Recovery rate of thermal energy from the CHP of the biogas plant. Case scenario: biogas plant of 500 kW coupled with greenhouse of 3567 m2

Biomass production costs of energy crops

Production costs of energy crop silages delivered to the biogas plant are given in Fig. 4. Biomass production costs follow a decreasing trend up to around 500 ha land size, a fact which can be attributed to scale effects yielding savings in investment, as well as more efficient utilization of machinery. For land areas larger than 500 ha, production costs increase slightly along with increasing cultivated surface. This is due to increasing costs for biomass and digestates transport between the fields and the biogas plant. Therefore, as property size increases, increased transportation costs mitigate and eventually surpass savings achieved through scale effects on investment in machinery equipment. The latter effect becomes even more evident if depreciation costs of capital investments are neglected in the total production costs (data not shown). Triticale displays the lowest production costs, while sunflower, maize and alfalfa have almost similar production costs on a dry matter basis.

Fig. 4
figure 4

Production costs of ensiled energy crops in relation to the operational cultivation surface

The relative contribution of individual cultivation steps in biomass production costs is presented in Fig. 5. Silaging, transport and harvesting account for a significant share of biomass production costs. Expressing the costs per unit of dry mass provides a measure of the efficiency of crop cultivation. Maize is a high-input crop, resulting in high cultivation cost per ha (Fig. 5b). However, due to high biomass productivity, maize is still among the most profitable crop within the energy crops investigated, ranking second after triticale (Fig. 5b). Alternately, low-input crops, clover, barley and wheat, are expensive to produce due to low biomass yields per hectare (cf. Table 11). In the case of non-irrigated crops (triticale, barley and wheat), the major cost factor in plant production is fertilizing. In this study, it was assumed that digestates produced from feeding energy crops into the biogas plants were returned to cultivated areas, reducing mineral fertilizer requirements by 36%. Under this assumption, fertilizing operations still contributed up to 25% of biomass production costs.

Fig. 5
figure 5

Silage production costs for a land area of 500 ha, as a cost per hectare, and b cost per t of dry mass. Values are given based on the operational cultivation surface

Land area requirements for biogas production

Maize has the highest biomass yield per hectare (t DM/ha), as well as high digestibility, reflected in high methane yield (cf. Table 11). Hence, biogas plants fed on maize can be powered with smaller arable surfaces (Fig. 6). Triticale also displays relatively high biomass yields per hectare. On the opposite, traditional food cereals, wheat and barley, have low productivities per hectare, and would require very large cultivated areas for powering a biogas plant, which means that under Greek conditions, in which the availability of land is limited, they do not constitute a feasible option for biogas production.

Fig. 6
figure 6

Biogas plant size in relation to total required land area including fallow (25% of surface except for legumes), and un-arable, marginal land (7% of surface)
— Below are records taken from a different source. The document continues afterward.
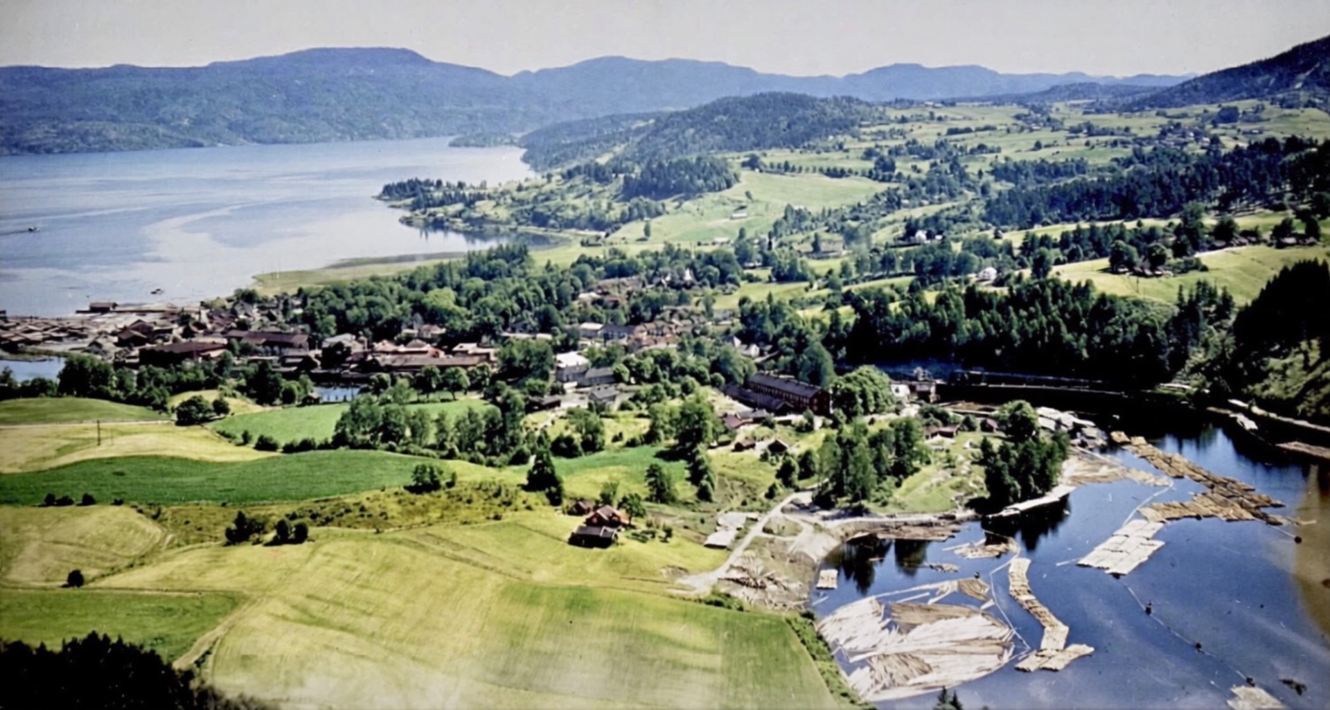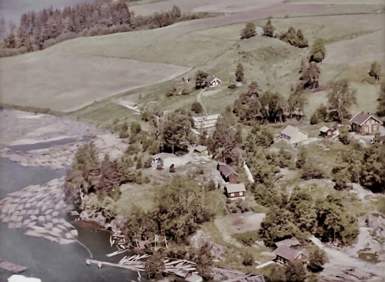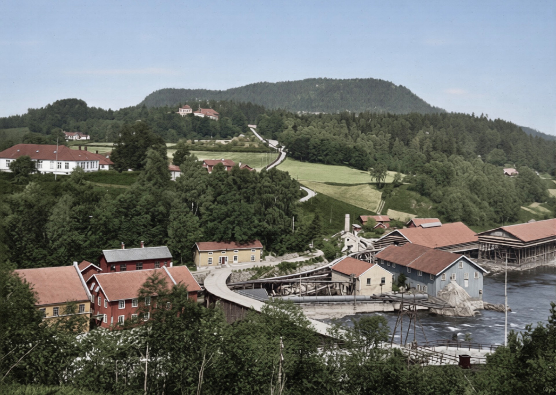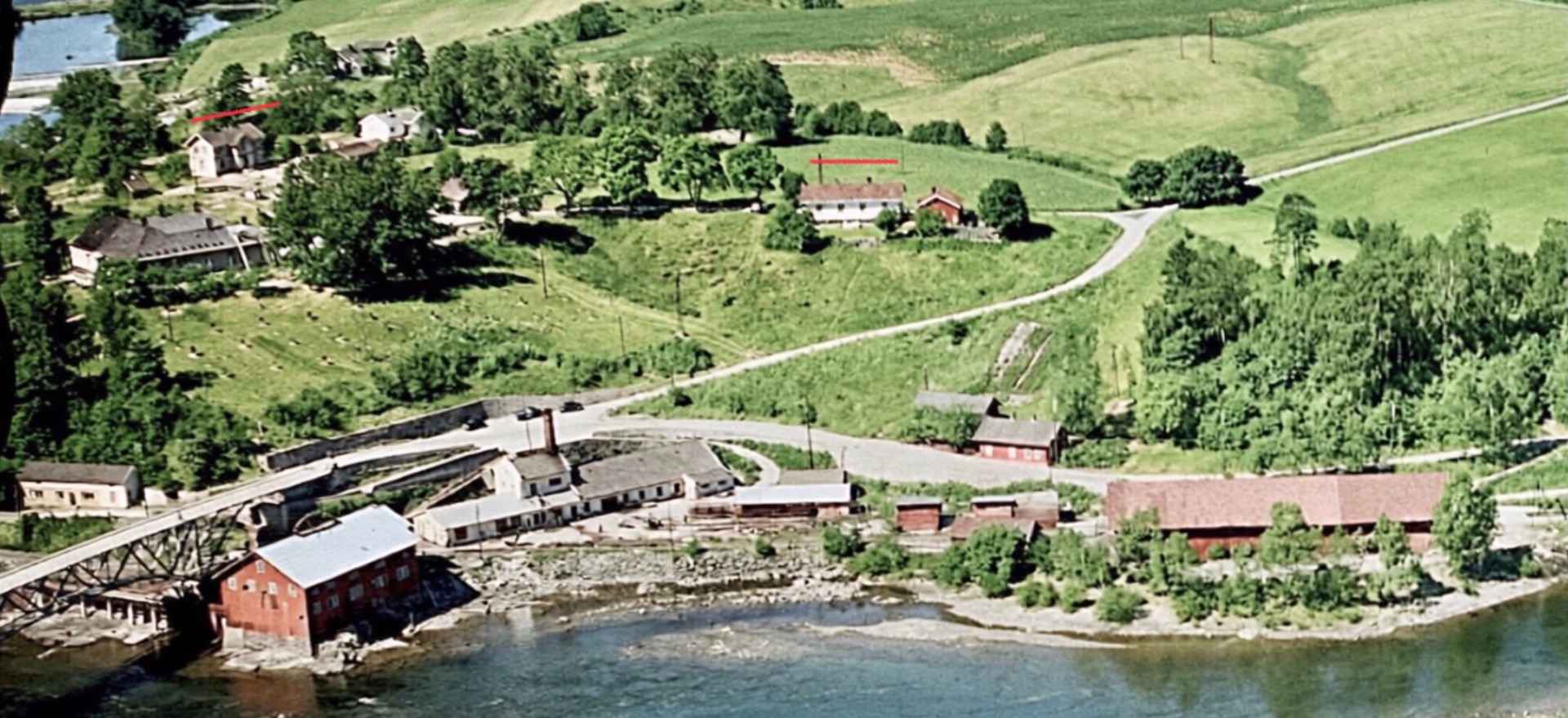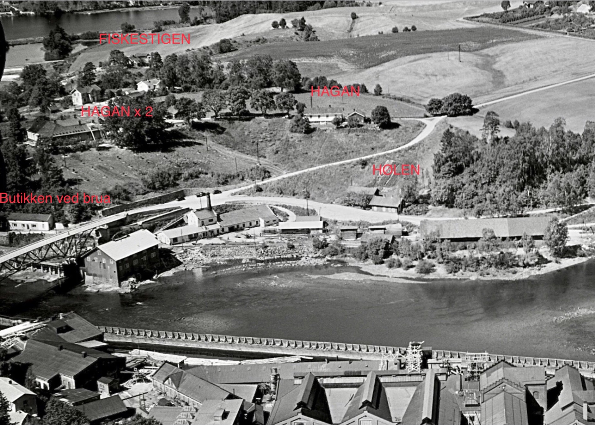 Vi ser tørkeriet te cellulose-massa og vi skimtar ein gammal veistubb som går parallelt med dagens vei. Det røde huset er ein gammal Hølen-plass.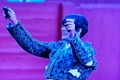 Moment bullfighter waves two severed ears to former king Juan Carlos in Sevilla as crowd roars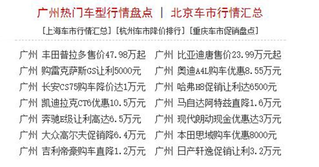 没错,你在买车之前肯定会上各大网站去了解一下优惠的行情,大概心理有数,然后去到4S店,问优惠有多少,销售顾问给你报价后你肯定会说,不对啊,网上优惠比你说的大很多啊。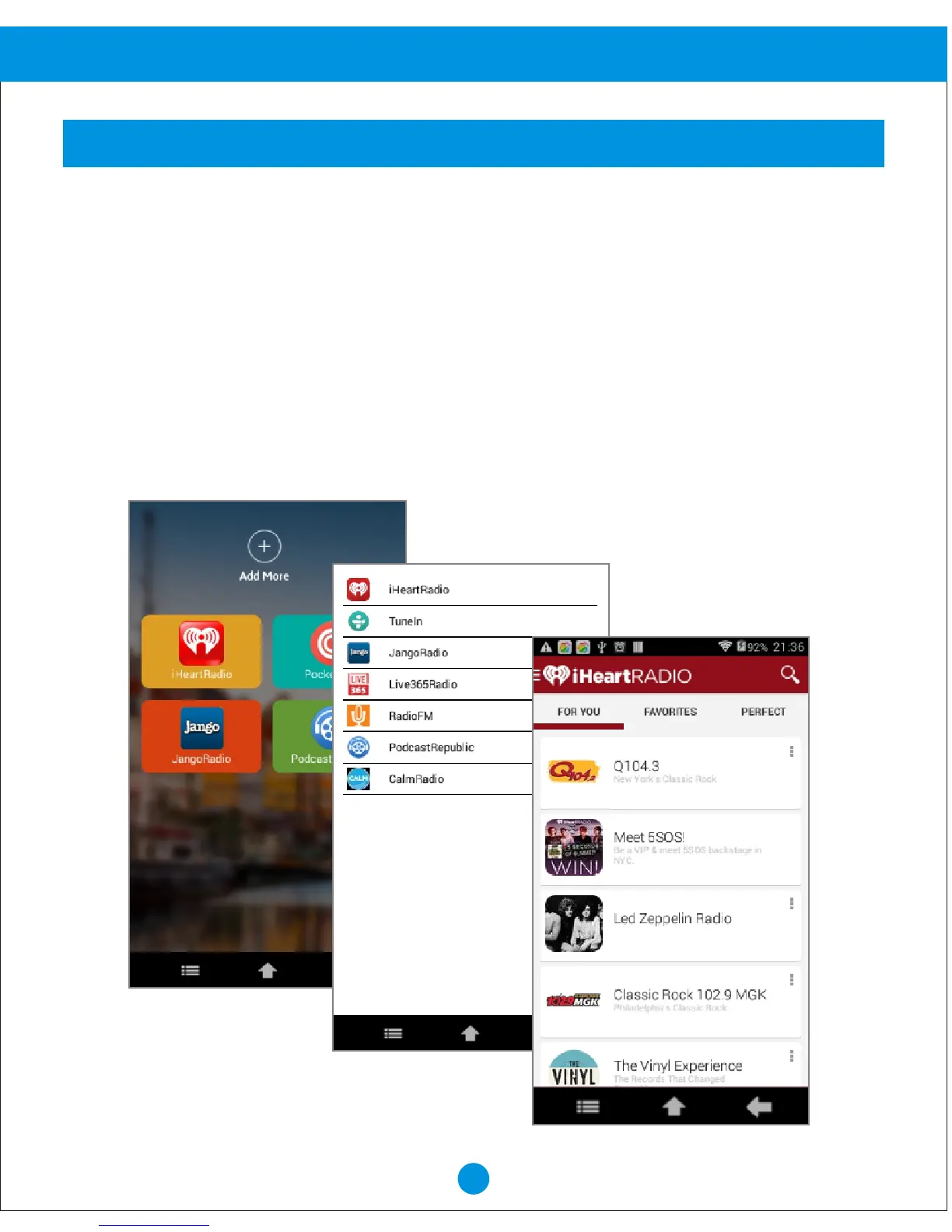 the radio app onto the device. After the initial setup, you may just touch the radio app on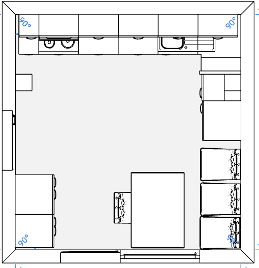 Versuch einmal bei deinem Plan einen Tisch und Sessel einzuzeichnen. Der Tisch sollte für 3 Personen mindestens 120 mal 80 sein.

Profitability analysis of the biogas plant

Table 1 shows the payback period (PBP) of biogas production from each energy crop in Greece depending on cultivation land area. Without public investment funding, agricultural surfaces larger than 500 ha are required for energy-crop-based AD to be economically feasible. With public funding granted at a level of 50% in the initial investment, biogas production becomes feasible only with a surface usage higher than 250 ha. Considering biogas plant size (Table 2), without public investment funding, biogas plants larger than 1000 kWel are required for energy-crop-based AD to be economically feasible. With public funding granted at a level of 50% in the initial investment, biogas production becomes feasible at biogas plant sizes larger than 500 kWel. The relationship between payback period (PBP) and rate of public investment funding in a scenario of a biogas plant of 1000 kWel with triticale as feedstock is presented in Fig. 7. At funding rates below 25%, profitability decreases because Greek regulations impose a fixed reduction in electricity feed-in tariff when biogas projects are awarded public funding. This reveals that although the decreased feed-in-tariff prices imposed due to public investment funding is about 9%, the overall economic effect is multiplied. Hence, only public investment funding higher than 25% can have a positive effect on the economics of the biogas plant. Our overall results show that only triticale and maize are suitable feedstocks for biogas production, whereas all other energy crops considered in our study are far less profitable.

Table 1 Profitability of a biogas plant dedicated to various land areas and coupled with a greenhouse depending on energy crop variety and funding rate (0% and 50%)
Table 2 Profitability (payback period; y) of a biogas plant of different sizes coupled with a greenhouse depending on energy crop variety and funding rate (0% and 50%)
Fig. 7
figure 7

Relationship between PBP and rate of public investment funding for a 1000 kWel biogas plant coupled with a greenhouse powered with triticale as energy crop

Costs of the integrated system

Within the integrated system, comprising of energy crop cultivation and supply for biogas production, a biogas plant for heat and electricity delivery, and a greenhouse for tomato production, the biogas plant makes up by far the heaviest share of the investment (Table 3). Including a vegetable greenhouse into the design of a biogas project will require total investment to be only 10% higher, while providing as much as 17–18% of additional yearly income, making this strategy economically viable, especially in places where no other opportunity for utilization of thermal energy is achievable.

Table 3 Overview of total calculated costs and earnings related to triticale and maize silage production (land area: 500 ha) as well as biogas plant and greenhouse operation (figures were rounded)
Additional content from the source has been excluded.